By investigating the reward function of Q learning more carefully, we can improve the speed of propagation and achieve improved convergence by longer state-action-reward sequences. In this way, we are able to propagate the rewards directly to steps away, and thus tighten the optimality by finding upper and lower bound using these information.
However, a significant assumption is based on the discrete space of action and state. Our project intends to extend the method so that it can be applied to the continuous control and advanced performance. For example, by experimenting the actor-critic algorithm, some classic problems such as swing-up, dexterous manipulation, legged locomotion and car driving can be expected. Our hypothesis is that the idea of using longer state-action-reward sequences is also applicable in continuous states and will accelerate the training.
To simulate the walking task, we will use various models built in the OpenAI Gym environment, such as the ant, the cheetah and the humanoid robot. We plan to start from continuous toy models in Gym (e.g. cart-pole) and ultimately apply it in humanoid robot.

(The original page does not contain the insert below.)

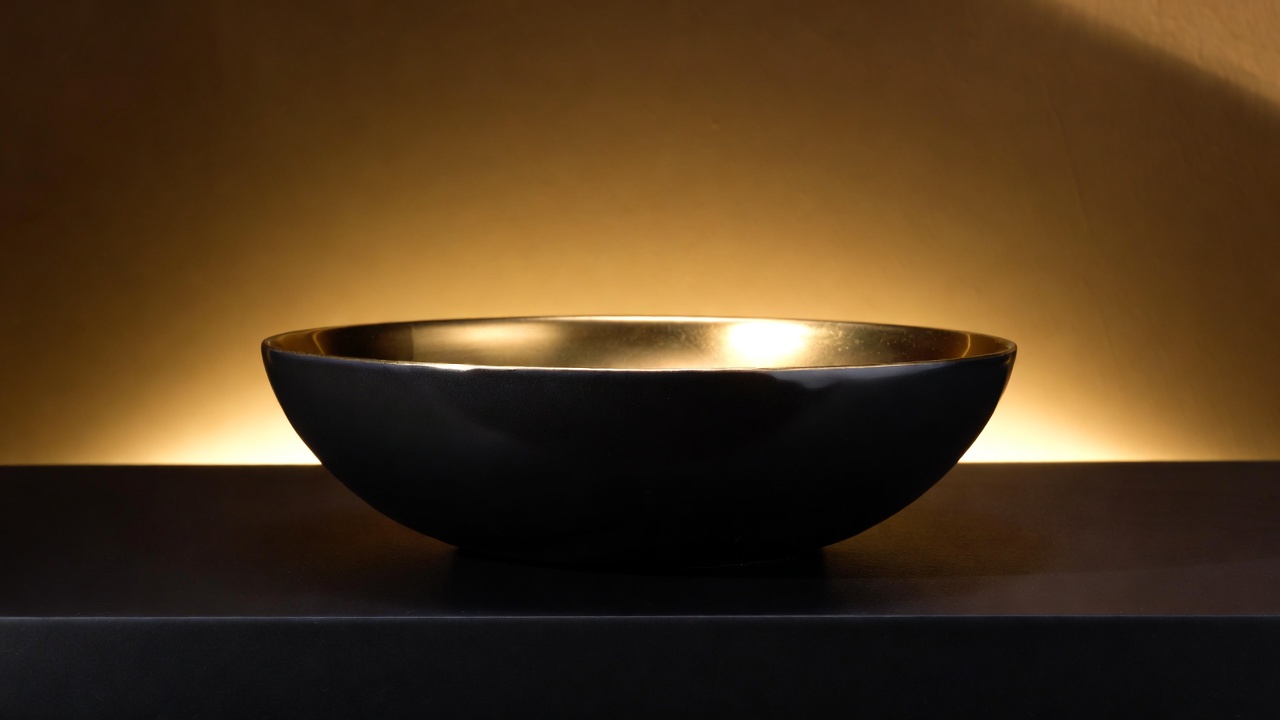 black ceramic, ceramic bowl, decorative bowl, gold bowl, gold interior, golden rim, isolated background, kitchenware, luxury bowl, shiny gold, tableware, warm lighting, black bowl

To apply the method proposed in \cite{he2016learning} to continuous state spaces during walking task, some methods such as actor-critic based Deep Deterministic Policy Gradient (DDPG) \cite{lillicrap2015continuous} and Normalized Advantage Functions (NAF) \cite{gu2016continuous} might be considered.
In this project, we plan to adapt the idea of utilizing the rewards from "k-neighbour" steps to the continuous state space by exploring both DDPG and NAF methods and compare them in detail.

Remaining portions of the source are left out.